■ Required action:
What must be handed in is the entire listing, exactly as written, with no pictures.

■ Supplied data:

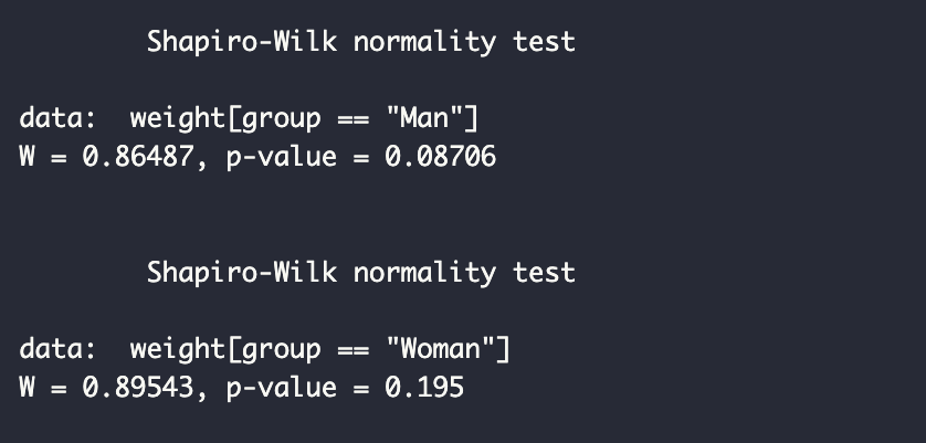 남성 그룹과 여성 그룹에 Shapiro-Wilk 검정을 한 결과, 두 그룹 모두 p-value가 유의수준(0.05)보다 높아 귀무가설을 기각할 증거가 충분하지 않다고 볼 수 있습니다. 즉, 두 그룹 모두 정규분포를 따른다고 가정할 수 있는 거죠. (만약 데이터가 정규 분포를 따르지 않는 경우라면, two-sample Wilcoxon rank test를 사용합니다.)
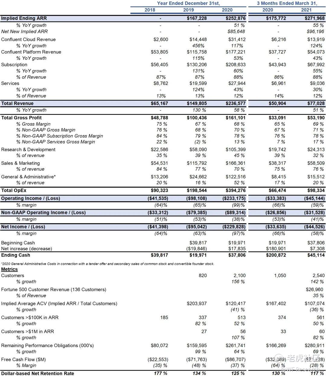 - 截至 2021 年 3 月 31 日,Confluent 的客户包括了 Fortune 500 中的 136 家。在截至 2021 年 3 月 31 日的三个月里,这 136 家企业贡献了 Confluent 大约 35% 的营收,金额达 2700 万美元。
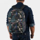 Sac À Dos Imprimé Elégant Peacocks Turquoise & Fleurs Magnolia Noir
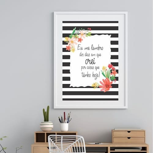 Quadro Dias Que Orei Por Coisas Que Tenho - 60x48cm - Moldura: Madeira preta

■ Solution:
 남성 그룹과 여성 그룹에 Shapiro-Wilk 검정을 한 결과, 두 그룹 모두 p-value가 유의수준(0.05)보다 높아 귀무가설을 기각할 증거가 충분하지 않다고 볼 수 있습니다. 즉, 두 그룹 모두 정규분포를 따른다고 가정할 수 있는 거죠. (만약 데이터가 정규 분포를 따르지 않는 경우라면, two-sample Wilcoxon rank test를 사용합니다.)
 - 截至 2021 年 3 月 31 日,Confluent 的客户包括了 Fortune 500 中的 136 家。在截至 2021 年 3 月 31 日的三个月里,这 136 家企业贡献了 Confluent 大约 35% 的营收,金额达 2700 万美元。
 Sac À Dos Imprimé Elégant Peacocks Turquoise & Fleurs Magnolia Noir
 Quadro Dias Que Orei Por Coisas Que Tenho - 60x48cm - Moldura: Madeira preta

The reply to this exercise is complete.